Phylogenetic analysis

Multiple sequence alignments of 16S rRNA gene sequences were assembled at the Ribosomal Database Project website using the secondary structure alignment program Infernal (Nawrocki et al., 2009), while thermosome and mcrA gene sequences alignments were constructed with ClustalW (Thompson et al., 1997) with a gap opening penalty of 50 and gap extension penalty of 5. Alignments were manually inspected and minor edits were made when necessary with GeneDoc (Nicholas et al., 1997) before trees were constructed using PHYLIP (Felsenstein, 1989). DNA distance matrices were calculated based on the F84 maximum likelihood option and neighbour-joined trees were assembled as the consensus of 100 replicates. Final trees were visualized with TreeView (Page, 1996).

Archaeal genomic DNA

Archaeal genomic DNA from Methanococcus voltae PS, Methanococcus vannielii SB, Methanococcus maripaludis S2, Methanotorris igneus Kol 5, Sulfolobus solfataricus, Sulfolobus sp., Thermoplasma acidophilum and Halobacterium salinarum (formerly Halobacterium halobium) NRC 34008 was generously donated by Ken Jarrell, Queen's University at Kingston, Canada while Haloferax volcanii WR341 and Hf. volcanii WR536 were generously donated by Jerry Eichler, Ben-Gurion University of the Negev, Israel. Genomic DNA from Hb. salinarum (formerly Halobacterium cutirubrum) ATCC 33170, Hb. salinarum (formerly Hb. salinarium) ATCC 33171, Thermococcus gorgonarius ATCC 700654, Thermococcus pacificus ATCC 700653 and Thermococcus zilligii ATCC 700529 was acquired from the American Type Culture Collection (Manassas, VA, USA).
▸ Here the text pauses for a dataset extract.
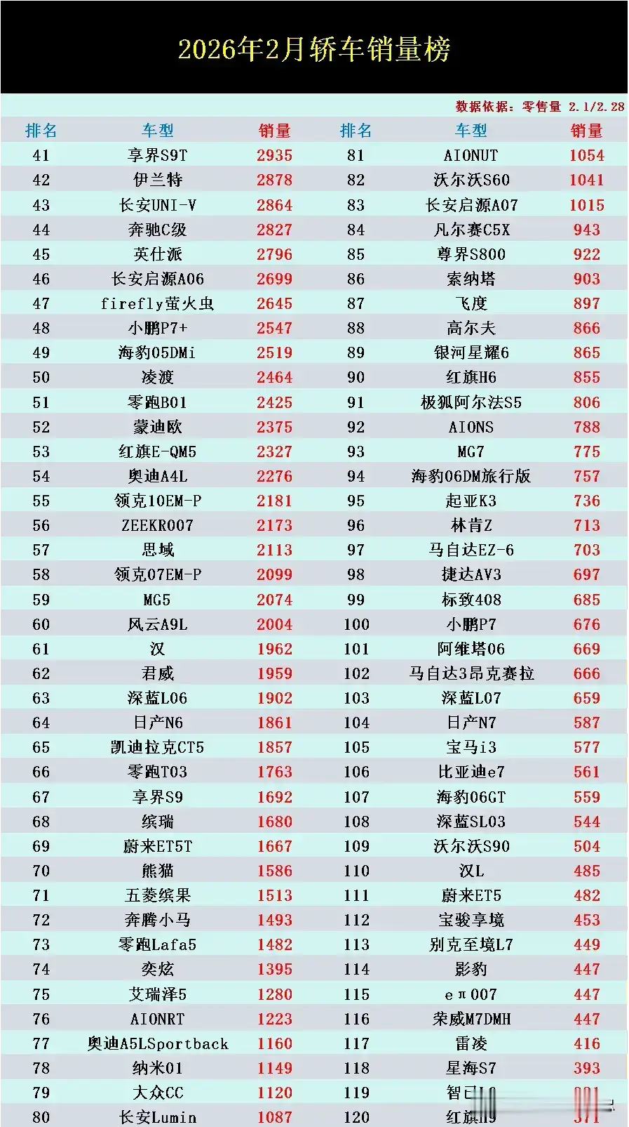 此外、自榜单第40名以后市场同样暗流涌动。合资主流车型中的伊兰特(2875,第42)、思域(2113辆,第57名)、日产N6(1861辆)表现分化明显。大众CC(1120辆,第79名)则略显掉队。但也有多款新能源新面孔车型表现可圈可点,比如零跑B01(2425辆,第51)和风云A9L(2004,第60)双双破突破2千辆,排名逐渐进入榜单中部。奇瑞艾瑞泽5、AIONRT也成功再次闯入前80名,成为不可忽视的力量。长安启源A07(1015辆,第83)作为一款中大型轿车,保持了稳健的市场表现。另外、红旗H6、小鹏P7、汉L、星海S7等车型的也都纷纷入榜前120名,也说明了自主品牌在新赛道上的全面布局正在开花结果。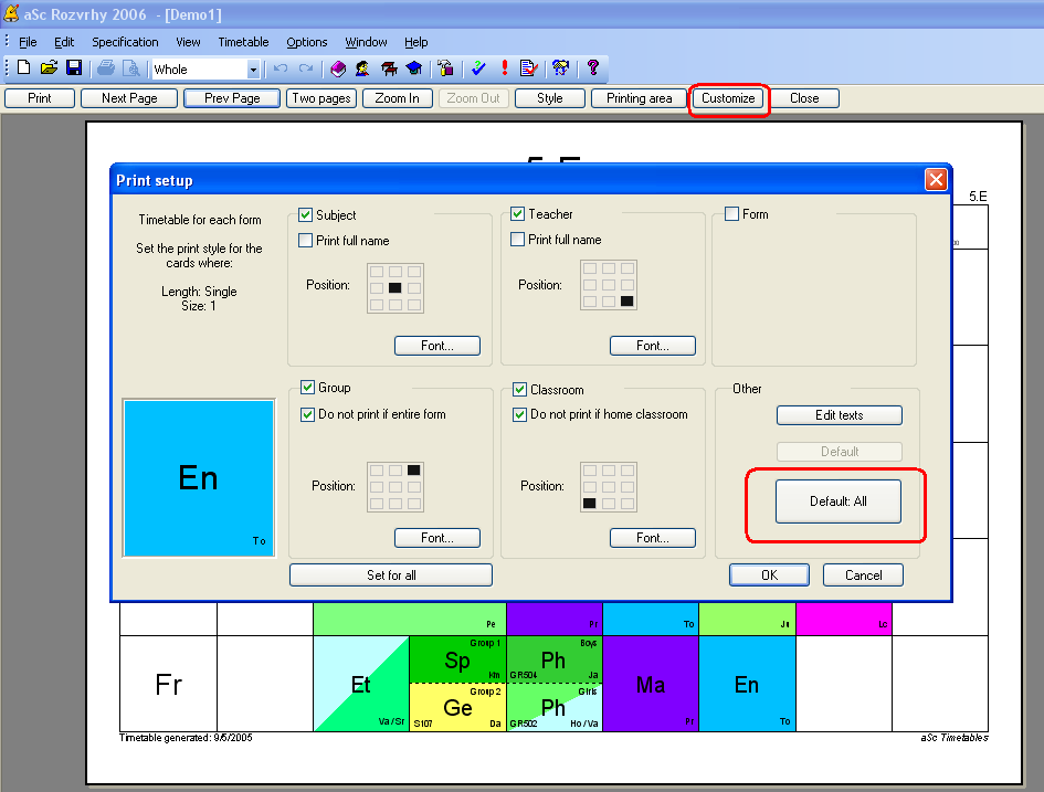 The software allows you to change the texts in the printed timetable. This helps in some special cases when you want different texts printed in the timetable then the original one. For example Grade5 instead of 5A/5B/5C.

Rumen sample collection and processing

Rumen contents (both solid and liquor) were collected from fistulated dairy cows housed at the University of Saskatchewan dairy barn. Six cows on a ‘regular’ high milk production dairy cow diet and two cows on a modified ‘dry’ diet were sampled 2 h after feeding and DNA was extracted immediately. Samples were thoroughly mixed before a 300-μl volume of solid and liquor was removed for processing. Total DNA extraction from the samples was accomplished as previously described (Dumonceaux et al., 2006a). Final DNA extracts were suspended in Tris-EDTA buffer, pH 8.0 and stored at −20 °C.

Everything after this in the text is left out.